— Твое здоровье, — сказан он Софи, смешав водку с томатным соком, присолив ее и приперчив. — Как всегда, ты глупишь.
— Почему? — спросила она; все-таки очень страшно, когда на тебя смотрит не лицо, а маска, монстр какой-то, а не баба.
— Я объясню, — сказан он, набрасываясь на горячую сосиску. — Хочешь кусочек? Ужасно вкусно...
— Ты очень любезен, милый, спасибо, я съела и так слишком много пориджа. Пожалуйста, объясни, в чем я сглупила?
— Сейчас, — ответил он. — Чертовски вкусная горчица. Раньше я всегда считал, что нет вкуснее немецкой, а теперь наконец понял, что именно вы делаете самую вкусную. Глупишь ты, родная, потому, что я вкладываю в картины совсем не так много денег, как об этом говорят...
— Милый, не будем лгать друг другу, хорошо?
— Не будем. Согласен. Ты вынудила меня говорить тебе всю правду. Я продолжу?
— Буду крайне признательна.
Ростопчин поморщился:
— Господи, говори же ты наконец без этих островных ужимок!
— Я островитянка, ничего не попишешь.
— Итак, я р а з д у в а л слухи о тех деньгах, которые тратил на русские картины, Софи. Да, да, именно так! Раздувал! Потому что у меня есть бизнес с Москвой, а русские, то есть мы, я, если хочешь, — натуры эмоциональные, исповедуем слово — в отличие от вас, людей дела... Они помогали мне в моем бизнесе, давали отсрочки платежей, я клал деньги в банк, большие деньги, стриг с них проценты. С этих-то процентов ты и Женя безбедно живете, не думая о том, что может случиться с вами завтра. И сегодня в Сотби я трачу не свои деньги; если ты наложишь арест на ту картину, которую намерен выкупить мистер Степанов, будет скандал, ты права, но это будет скандал против тебя, ты будешь смешной, родная, ты станешь выглядеть как психически неуравновешенный человек.

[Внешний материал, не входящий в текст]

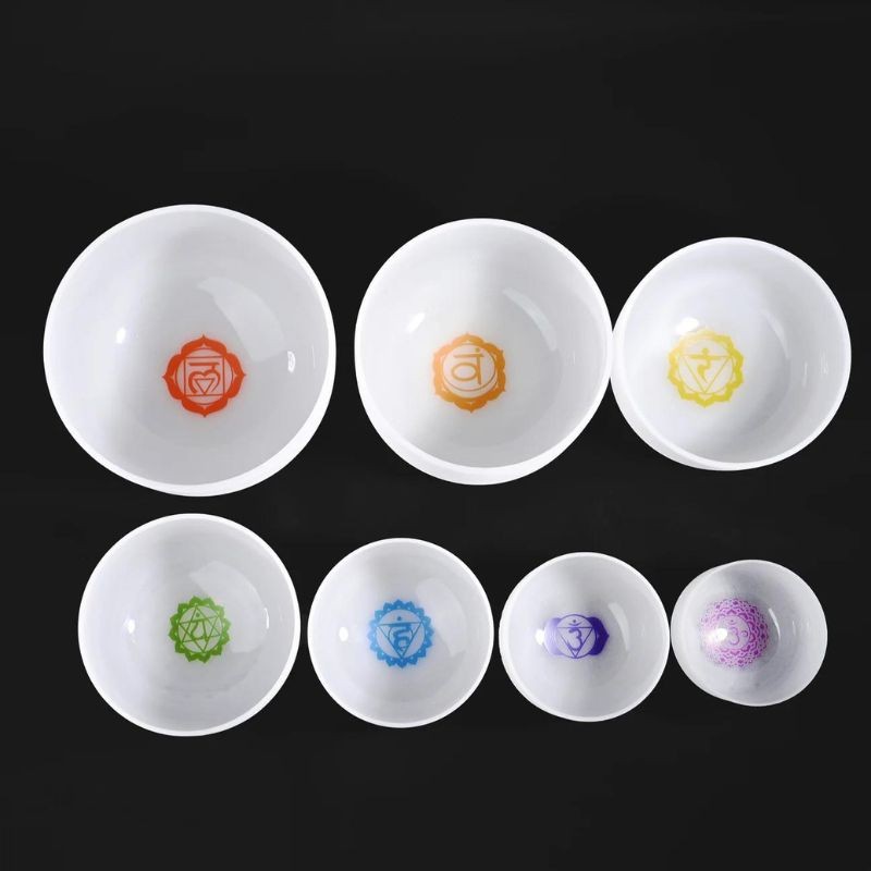 A Frosted Quartz Crystal Singing Bowl Set is a collection of bowls, each tuned to a specific chakra's frequency. These bowls are made from pure quartz crystal and have a frosted appearance due to a specialized manufacturing process.

Улыбка сошла с ее лица; оно из-за этого — как ни странно — стало толще; поинтересовалась:
— Ты хочешь сказать, что мистер Степанов будет тратить свои деньги?
— Да, родная, свои. Я лишь консультирую его, он еще ни разу не торговался на т а к и х аукционах, как Сотби.
— Прекрасно, милый, я хочу посмотреть, как он будет передавать тебе деньги. Или это случилось накануне? Если ты покажешь мне его чек, я принесу извинения, я умею признавать вину.
— О да, ты умеешь признавать вину!
— Ты напрасно иронизируешь. Стоит тебе предъявить мне доказательства, и я сразу же извинюсь перед тобой. Я никогда не думала, что ты делаешь бизнес. Я счастлива, если это так. Жаль, что ты никогда мне об этом не говорил раньше. Я могла быть плохой женой...
— Неверной, — поправил ее Ростопчин. — Плохая жена — полбеды, родная, а вот когда жена, бросив сына, убегает из твоей постели в постель к другому мужчине, это совсем другое дело...
— Ты говоришь бестактно.
— Я сказал неправду?
Софи улыбнулась своей мертвой улыбкой; он заметил, как ее пальцы р в у щ е теребили салфетку; она считает, что борется за сына, подумал он; когда она убегала от меня, бросив Женю, ей и в голову не приходило, что мальчик будет искалечен; детству нужна мать, зрелости — отец.
— Не будем ссориться, милый. Если я увижу, как мистер Степанов передает тебе деньги, я пересмотрю мое решение. В противном же случае мой адвокат, ты его должен помнить, арестует твою покупку. Пожалуйста, не сердись, может быть, я жестока по отношению к тебе, но я — мать.
— Мать. Да, это верно, — сказал Ростопчин, повторив: — Мать... Я оставлю тебя на минуту, родная, я забыл в номере аппарат, хочу сделать фотографии в Сотби...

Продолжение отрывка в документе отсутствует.